A Simple Pair Programming Setup with SSH and Tmux

How to pair with remote developers

Pears - 259 by Apple and Pear Australia Ltd is licensed under CC BY 2.0

Here at Collective Idea, we do a lot of pair programming. We also believe in remote working. When pairing with any of our remote developers, we typically use a combination of SSH and tmux. There are a lot of good articles on this type of setup, but we've settled on an easy solution that works well.

Create An Account Alias

The first step is to create an alias for your main user account.
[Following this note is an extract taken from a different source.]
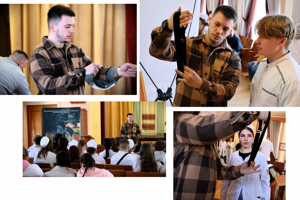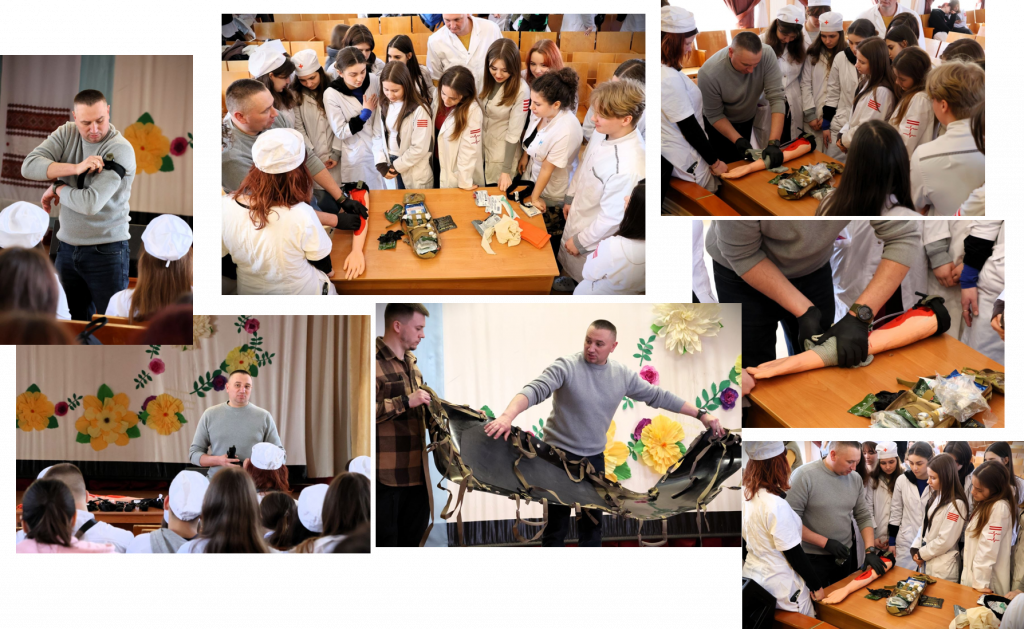 Здобувачі відпрацьовували критично важливі навички: зупинку масивних кровотеч, накладання турнікетів, алгоритми дій у перші хвилини після травми та роботу з пораненими.

While this is optional, it's good to be consistent so that you aren't required to know each developer's actual username.

From the Users & Groups pane in System Preferences, right click on your user account and click Advanced Options.

From the Advanced Options pane, add an alias for your pair to use when connecting to your machine.

Configure SSH

Next we'll want to turn on Remote Login from the Sharing pane in System Preferences.
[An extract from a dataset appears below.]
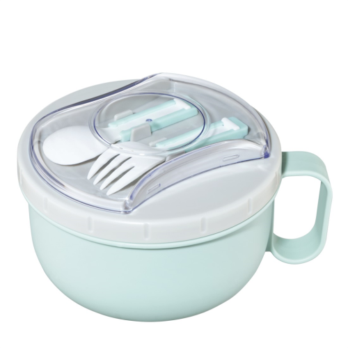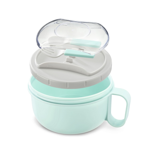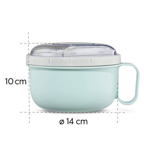Dóza vhodná na studené aj teplé jedlo, skladá sa z hlavnej nádoby, veka a priehľadného krytu, vo viečku nájdete aj vidličku a lyžicu, skrutkovací uzáver zaistí bezpečné zatvorenie dózy, farba modrá a šedá.

And update our SSH login settings to turn password authentication off and only allow public-key authentication.

# /etc/sshd_config
PasswordAuthentication no
...
ChallengeResponseAuthentication no

Note: You will need to restart sshd for these changes to take effect. On a Mac, this is done by toggling Remote Sharing from the Sharing pane in System Preferences.

Setup Remote Users

Because we've configured SSH to only allow public-key authentication, we will need to add the public-key of our pair user(s) to the authorized\_keys file.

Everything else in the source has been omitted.